Exercise brief. For this exercise, output exactly and only the lines running from the one with "One of the definitions" through the final line of the data below, without pictures.
Recorded data START
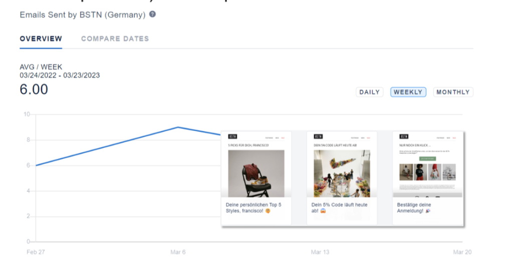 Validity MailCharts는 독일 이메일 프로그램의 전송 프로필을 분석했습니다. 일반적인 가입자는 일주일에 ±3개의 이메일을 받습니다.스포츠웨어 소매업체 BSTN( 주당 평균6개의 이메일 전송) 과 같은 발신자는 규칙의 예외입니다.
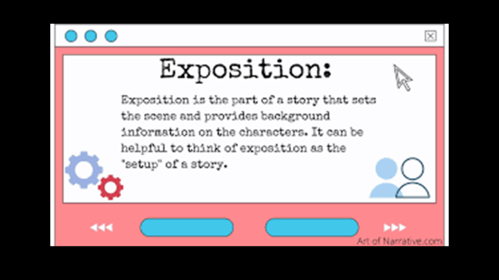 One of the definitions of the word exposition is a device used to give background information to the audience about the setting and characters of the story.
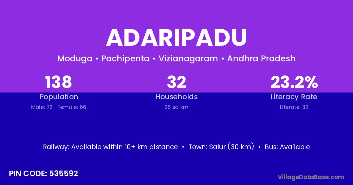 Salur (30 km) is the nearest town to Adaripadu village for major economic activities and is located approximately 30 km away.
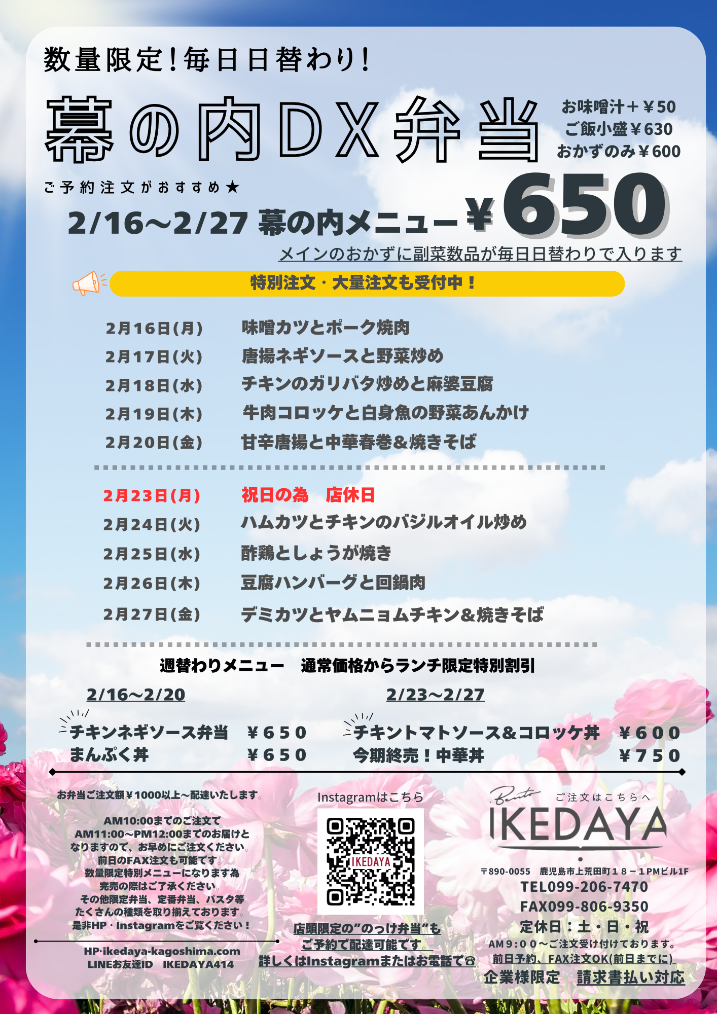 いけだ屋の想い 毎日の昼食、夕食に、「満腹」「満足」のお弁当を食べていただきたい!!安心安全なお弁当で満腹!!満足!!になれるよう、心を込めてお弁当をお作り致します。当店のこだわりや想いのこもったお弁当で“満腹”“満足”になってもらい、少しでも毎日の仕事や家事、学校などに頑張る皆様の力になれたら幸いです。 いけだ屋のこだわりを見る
Recorded data END
Result of the exercise.
 One of the definitions of the word exposition is a device used to give background information to the audience about the setting and characters of the story.
 Salur (30 km) is the nearest town to Adaripadu village for major economic activities and is located approximately 30 km away.
 いけだ屋の想い 毎日の昼食、夕食に、「満腹」「満足」のお弁当を食べていただきたい!!安心安全なお弁当で満腹!!満足!!になれるよう、心を込めてお弁当をお作り致します。当店のこだわりや想いのこもったお弁当で“満腹”“満足”になってもらい、少しでも毎日の仕事や家事、学校などに頑張る皆様の力になれたら幸いです。 いけだ屋のこだわりを見る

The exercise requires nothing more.